The client terminal device of the embodiment of the present invention, can the behavior in monitoring application program operational process in the time judging that application program is plug-in application program, in the time having behavior to trigger defence stand, according to the relation between the behavior and plug-in program, the behavior is controlled, for example, necessity relation is let pass to the behavior if, and non-essential relation is tackled the behavior if.Thereby, guarantee when user normally uses plug-in program the malicious act in plug-in program to tackle, guarantee the security of system of terminal.In addition, can the behavior of plug-in program be given tacit consent to interception or be let pass, avoid plug-in program frequently to trigger defence stand user is caused to harassing and wrecking, promote user and experience.
Additional aspect of the present invention and advantage in the following description part provide, and part will become obviously from the following description, or recognize by practice of the present invention.
Accompanying drawing explanation
Above-mentioned and/or additional aspect of the present invention and advantage accompanying drawing below combination is understood becoming the description of embodiment obviously and easily, wherein:
Fig. 1 is the process flow diagram of the control method of application program according to an embodiment of the invention.
Fig. 2 is the process flow diagram of the control method of application program in accordance with another embodiment of the present invention.
Fig. 3 is the structural representation of the control device of application program according to an embodiment of the invention.

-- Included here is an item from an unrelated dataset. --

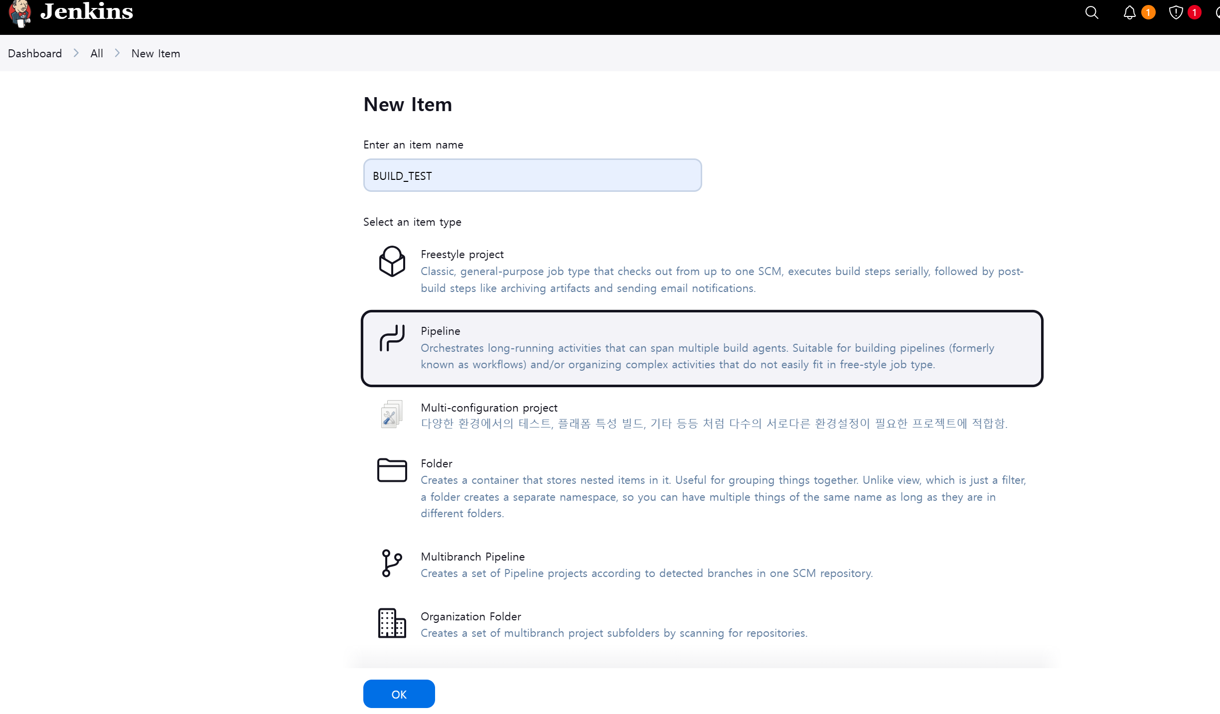 빌드 뿐만 아니라 배포까지 과정을 수행하기 위해 Pipeline 아이템으로 생성하겠습니다.
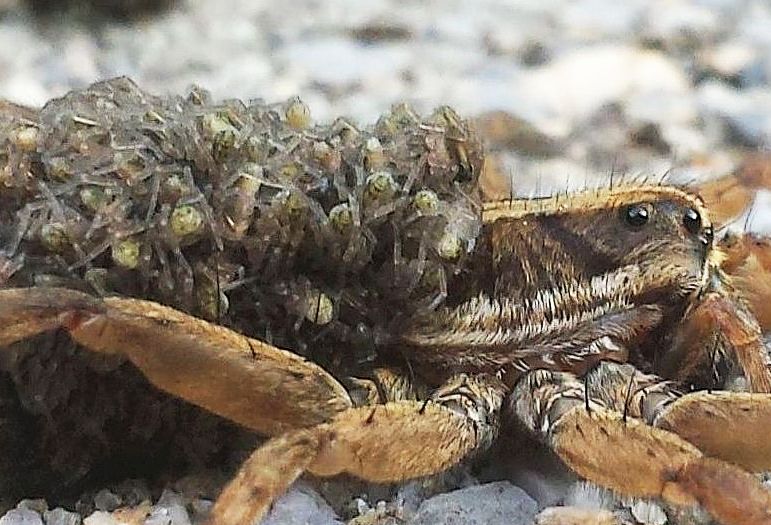 Wolf Spider with spiderlings on its back 2015-8-17 by David, D&M MD - on a paver on path between garage and house

Fig. 4 is the structural representation of the control device of application program in accordance with another embodiment of the present invention.
Fig. 5 is the structural representation of the control system of application program according to an embodiment of the invention.
Embodiment
Describe embodiments of the invention below in detail, the example of described embodiment is shown in the drawings, and wherein same or similar label represents same or similar element or has the element of identical or similar functions from start to finish.Be exemplary below by the embodiment being described with reference to the drawings, only for explaining the present invention, and can not be interpreted as limitation of the present invention.
In description of the invention, it will be appreciated that, term " " center ", " longitudinally ", " laterally ", " on ", D score, " front ", " afterwards ", " left side ", " right side ", " vertically ", " level ", " top ", " end ", " interior ", orientation or the position relationship of indications such as " outward " are based on orientation shown in the drawings or position relationship, only the present invention for convenience of description and simplified characterization, rather than device or the element of indication or hint indication must have specific orientation, with specific orientation structure and operation, therefore can not be interpreted as limitation of the present invention.In addition, term " first ", " second " be only for describing object, and can not be interpreted as indication or hint relative importance.
In description of the invention, it should be noted that, unless otherwise clearly defined and limited, term " installation ", " being connected ", " connection " should be interpreted broadly, and for example, can be to be fixedly connected with, and can be also to removably connect, or connect integratedly; Can be mechanical connection, can be also electrical connection; Can be to be directly connected, also can indirectly be connected by intermediary, can be the connection of two element internals.For the ordinary skill in the art, can concrete condition understand above-mentioned term concrete meaning in the present invention.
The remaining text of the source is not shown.